Rate Limiting: Preventing Abuse Before It Starts
Security First — Part 12 of 30
The Volkswagen Door That Wouldn't Close
May 2025. A security researcher is poking around the Volkswagen mobile app — the one owners use to remotely lock, unlock, and manage their vehicles. He notices something interesting: when you transfer ownership of a vehicle, the app asks the new owner to verify using a four-digit OTP sent to the previous owner's phone.
Standard enough. But then he wonders: what happens if I just... try all the codes?
He writes a Python script. Multithreaded. He points it at the OTP verification endpoint. There's no rate limiting. No lockout after failed attempts. No anomaly detection. Nothing. The API will happily accept as many guesses as he can throw at it.
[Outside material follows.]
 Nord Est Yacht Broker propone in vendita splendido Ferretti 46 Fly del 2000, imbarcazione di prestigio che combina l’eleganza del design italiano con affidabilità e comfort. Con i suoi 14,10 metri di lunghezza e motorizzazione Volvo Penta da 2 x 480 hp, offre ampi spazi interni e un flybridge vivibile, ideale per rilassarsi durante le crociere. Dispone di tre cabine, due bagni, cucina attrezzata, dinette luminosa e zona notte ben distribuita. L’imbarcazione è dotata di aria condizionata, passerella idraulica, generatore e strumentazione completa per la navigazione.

There are 10,000 possible four-digit combinations. He brute-forces all of them in seconds. The correct OTP pops out, and suddenly he has access to the vehicle's digital profile — including, as he digs deeper, plaintext internal credentials for backend services like Salesforce CRM and payment processors sitting right there in the API responses.
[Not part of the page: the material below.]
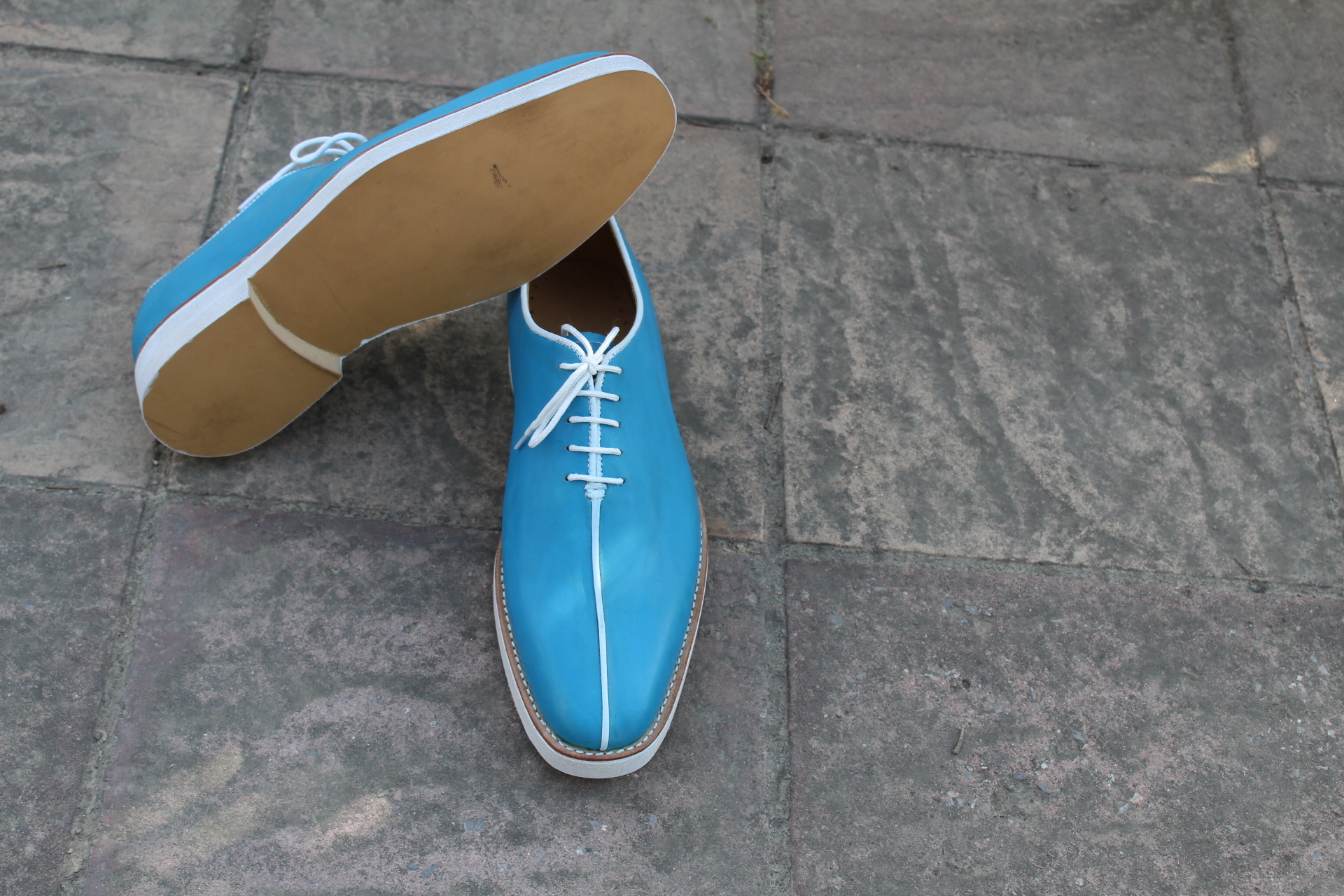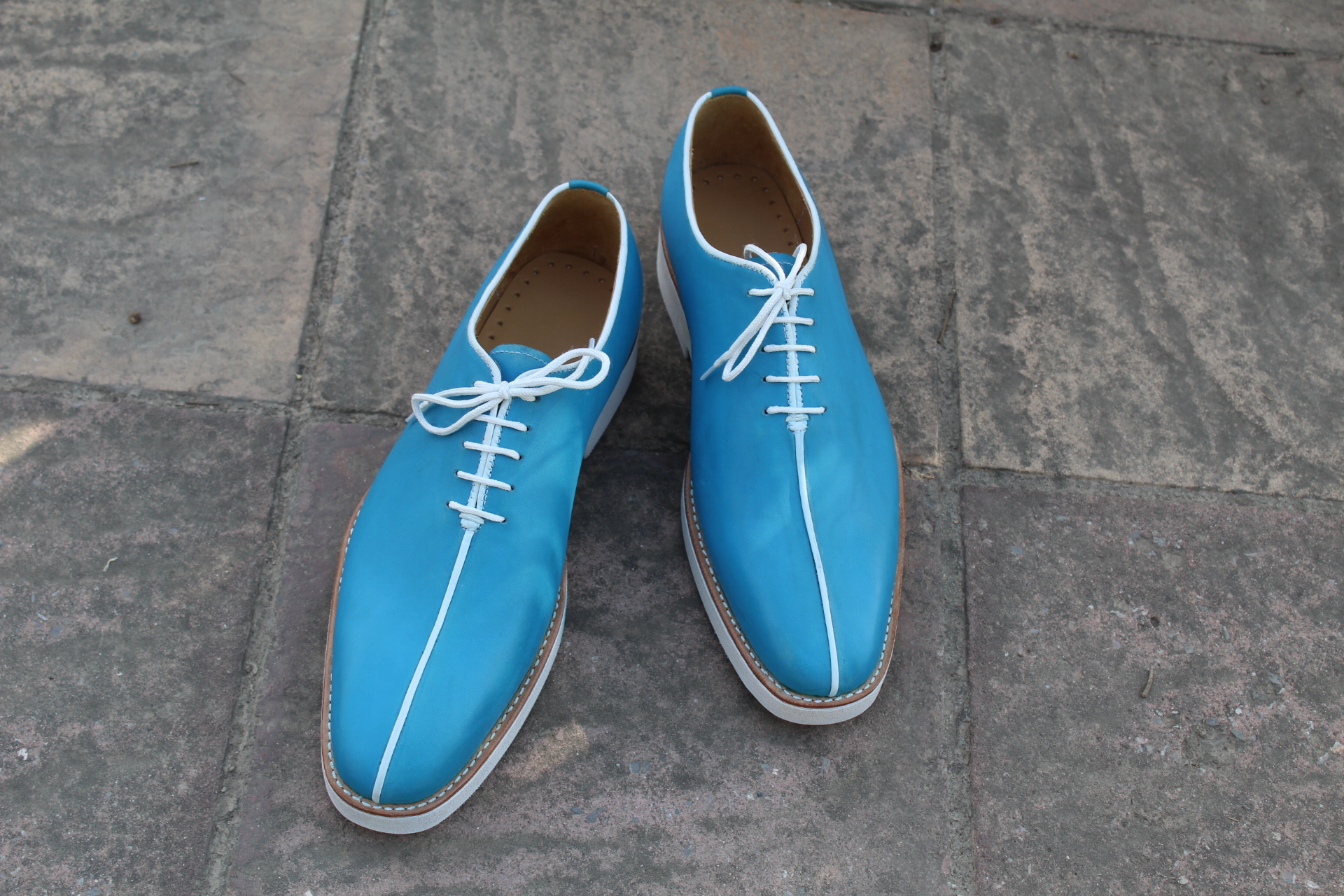 Inner: Soft Leather Sole: Leather Gender : Male Heel: Leather Color: Blue Style: Dress Shoes Lining Soft Calf Leather Lining Totally Hand stitched Manufacturing time 7-10 business days If you can’t find your Size/Colorjust send us message we will make for you.
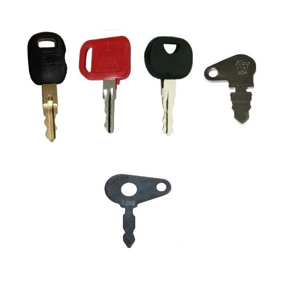 Set Includes: Seventeen (17) Heavy Equipment Keys (1) Key: For Backhoe Loaders, Combines, Compact Tractors, Cotton Pickers, Cotton Strippers, Excavators, Feller Bunchers, Forage Harvesters, Front Mount Mowers, Greens Mowers, Lawn Mowers, Lawn/Garden Tractors, Loaders, Motor Graders, Sugar Cane Harvesters, Tractors, Windrowers For Ignitions, Some Fuel Caps, Cab Doors, Access Panels, Hoods, Engine Side Shields, etc. Replaces Part Numbers: AT145929, AR51481, AT195302, DAR51481, DAT145929, DAT195302, R45361 (1) Key: For Loaders, Skidders, Off Highway Trucks, Dump Trucks, Telehandlers, Excavators, Graders, Scrapers, Dozers, Pavers, Tractors, Dump Trucks Old Style Key - Marked 5P-8500 For Ignition Switch Part Numbers: 1107887, 1428858, 1632659, 3E0156, 7Y3918, 9G7641 For Padlock Part Numbers: 2462641 For Fuel Cap Part Numbers: 086-1781, 099-8548, 096-3100, 0861781, 0998548, 0963100 Also for Cab Doors & Side Panels Replaces Part Numbers: 5P-8500, 5P8500, 2045-432, 0310-072 (1) Key: For Compactors, Tractors, Backhoe Loaders, Mini Excavators, Excavators Marked 14607 For Doors & Ignitions Replaces Part Numbers: 14607, 701/45501, 701/14657 (1) Key: For Forklifts, Skid Movers, Skid Steer Loaders Common Key - Marked 166 Replaces Part Numbers: 166, 51335040, A214062, 7738-4578, 090-32025, 090-32026, 1430, 186304, KM31166P, 91033317 (2) Key: For Mini Excavators, Excavators Marked HD62 Replaces Part Numbers: HD62 (1) Key: For Excavators, Dozers, Loaders, Forklifts Marked 787 Replaces Part Numbers: 787, TR261434, TR261434-001 (1) Key: For Dozers, Industrial Tractors, Lawn Tractors, Backhoes Snoopy Key - Marked 1147 Replaces Part Numbers: 1147, 83353, 192922V1, 192922M1, 194745M91, 194747M91, 504808M91, 192922M91, 180923M91, 1031664M1, 180923M1, 192293M1, 192923M1, 20A192, PBA3636L, PBA2233, PBA3636R, 31-2747317, 8335, 83357, R30074, B17575, 70306 (1) Key: Bare Metal - For Master Disconnect Replaces Part Numbers: 8398-KEY, 8H-5306, 8H5306 (2) Key: For Skid Steer Loaders, Scissor Lifts Common Key - Marked D250 Replaces Part Numbers: D250, 6693241, 6709527, A77313, 58917261 (1) Key: For Excavators, Dozers, UTVs, Wheeled Excavators, Forestry Excavators, Compact Excavators, Dump Trucks, Bulldozers, Tractors (1) Key: Plain Metal - #22 Replaces Part Numbers: H800, AT194969, AT147803, 4286465 (2) Key: For Mini Excavators, Track Loaders Marked H806 Replaces Part Numbers: H806, 17001-00019, 180845 (1) Key: For Excavators, Mini Excavators, Tractors, Wheeled Loaders Marked K250 Replaces Part Numbers: K250, 2420Z1030D2, YN50501010P1, 3211070170 (1) Key: For Excavators Marked S450 Replaces Part Numbers: S450, KHR20070, KHR-0369, 150979A1 (1) Key: For Backhoe Loaders, Chippers, Combines, Compact Tractors, Crawlers, Engines, Excavators, Forage Harvesters, Forklifts, Generators, Industrial Tractors, Skid Steer Loaders, Telehandlers, Tractors, Wheel Loaders Marked T250 Replaces Part Numbers: T250, 8223438Reference Numbers:

Volkswagen acknowledged the vulnerabilities and patched them by May 6, 2025. But the damage potential was real: a researcher with a 40-line Python script had the keys to the kingdom because nobody thought to add a request limit to a verification endpoint.
This wasn't a sophisticated nation-state attack. It was a for-loop.
And here's the thing that keeps me up at night as someone who reviews a lot of vibe-coded apps: AI will generate that vulnerable endpoint for you without blinking. It doesn't know your login page shouldn't accept 10,000 password guesses a minute. You have to tell it. This article is about how.
Why Rate Limiting Matters More Than You Think
Before we get into code, let me give you a sense of the scale of the problem.
According to the Traceable AI 2025 State of API Security Report, brute force attacks have entered the top three methods used to breach APIs — right alongside DDoS (37% of incidents) and fraud/abuse (31%), with brute force at 27%. That's up from prior years, not down.
The Salt Security 2025 State of API Security Report reports API attacks increased 230% year-over-year, with more than 80% of breaches now occurring at the API layer — not the traditional web or app surface.
And credential stuffing — where attackers take lists of leaked passwords and spray them at your login endpoint — is the single largest initial access vector in 2025. Verizon's 2025 DBIR found that 22% of all breaches began with stolen or compromised credentials, higher than any other category. Attackers can buy 2 billion leaked credential pairs. They run them against your unprotected login endpoint at 500 requests per second.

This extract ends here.